É a importância geoestratégica que tem sido a principal razão para as partes

envolvidas disputarem e reivindicarem as Ilhas Spratly e Paracel. Como oceano que conecta

todos os territórios litorâneos do Sul e Sudeste Asiático, o MSC tem sido usado há séculos

pela sua localização estratégica. Anh (2015) ressalta que o Mar do Sul da China é a porta de

entrada e saída do mundo para os países do Sul Asiático, sendo também o elo para a

navegação e uma importante barreira natural de segurança para vários países litorâneos. Uma

vez que questões acerca da segurança marítima e liberdade de navegação em tempos de

pirataria têm sido cada vez mais frequentes, e não são apenas de interesse de países costeiros,

mas de todos que utilizam o mar com alguma finalidade, o MSC pode ser classificado

geopolítica, econômica e estrategicamente como um dos mares mais importantes do mundo

(BATEMAN, 2009, HAYTON, 2014; JUN, 2015).

O Mar do Sul da China fornece um vasto oceano de acesso para os países da região.

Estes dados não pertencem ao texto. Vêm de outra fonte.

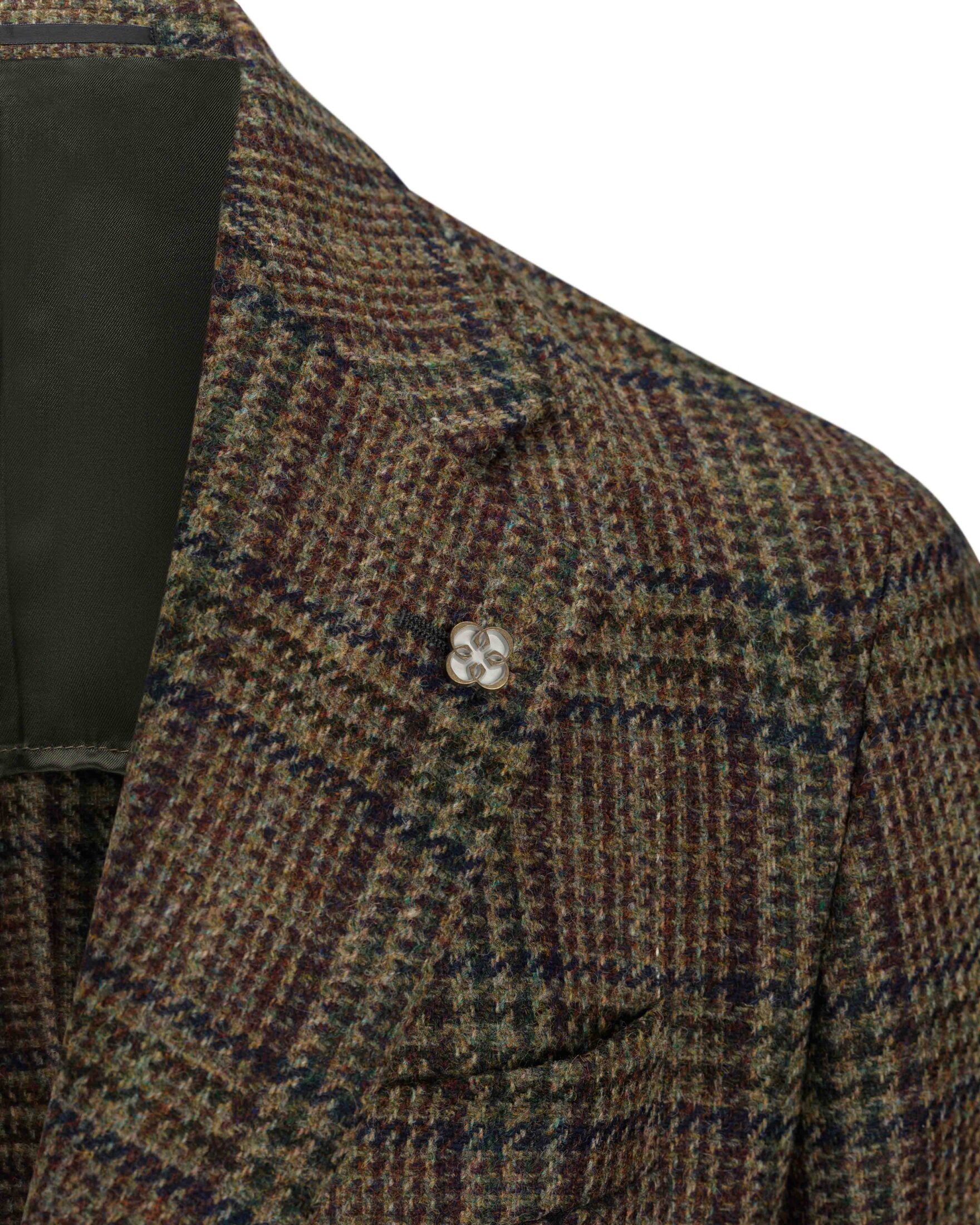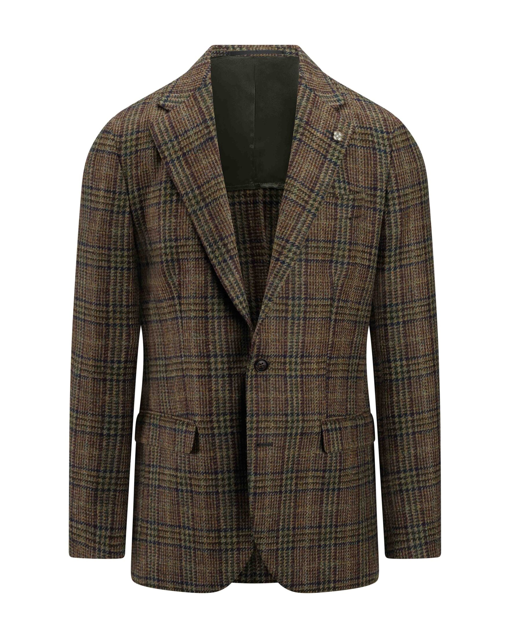 Blazer til herre fra Studio 73. Klassisk og elegant blazer laget i 100 % ull med et raffinert rutemønster i varme jordtoner. Modellen har klafflommer, notch lapels og et moderne snitt som balanserer tidløs stil med italiensk håndverk. Den er fôret med viskose for en behagelig og lett følelse gjennom hele dagen. En allsidig blazer som løfter både hverdagsantrekk og mer formelle kombinasjoner.

Mesmo sendo o terceiro maior país do mundo em dimensão territorial, a China possui uma

desvantagem estratégica em espaço marítimo. É porta de saída do país para o mundo. Torna-

se compreensível o desejo expansionista chinês pelas ilhas, não apenas para expandir seu

espaço marítimo, mas servir como rota estratégica para suas constantes ações militares. Por

sua vez, a mesma importância tem para os demais Estados ao seu redor, sendo um bem

comum que naturalmente gera tensão e incerteza sobre possíveis movimentos militares que

possam colocar em cheque a estabilidade regional, uma vez que todos desejam desfrutar da

riqueza e prosperidade que a região pode trazer (SWAINE, 1998; CÁCERES, 2014).

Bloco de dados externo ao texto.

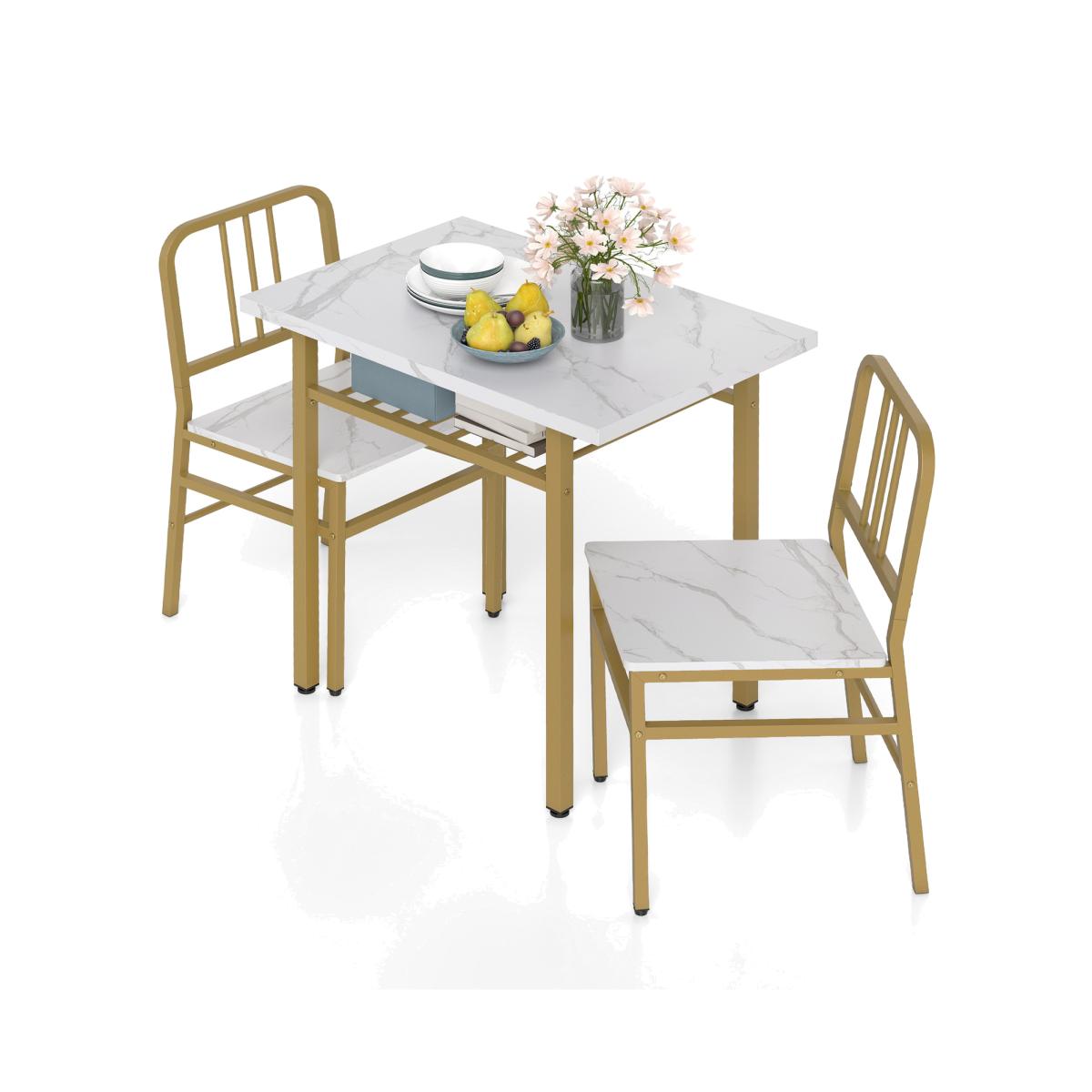 Aesthetically pleasing and compact dining table set for 2 people. The kitchen chairs of the space-saving 3-piece dining table set feature a perfect tilt angle, ensuring a cosy dining experience. Plus, the dining table set is designed with a built-in storage rack underneath the table, which allows you to neatly organize your dining essentials and keep them within easy reach. Additionally, the chairs can be neatly tucked away under the table after the meal, making it ideal for smaller dining areas or cosy spaces.

Também é uma rota estratégica de abastecimento para a maioria das economias da

região, fornecendo, em suas rotas, segurança vital para muitos países. Sendo um dos maiores

importadores de petróleo e gás do mundo, a China precisa garantir a sua segurança energética

no transporte desses elementos. O Departamento de Energia dos Estados Unidos estimou que,

em 2011, 4,5 trilhões de barris de petróleo e 0,6 trilhões de pés cúbicos de gás natural

liquefeito foram transportados ao longo de todo o Mar do Sul da China por dia. Este número

tende a crescer na medida em que o país tem se consolidado como uma das maiores potências

econômicas do mundo (ANH, 2015; THUY; TRANG, 2015).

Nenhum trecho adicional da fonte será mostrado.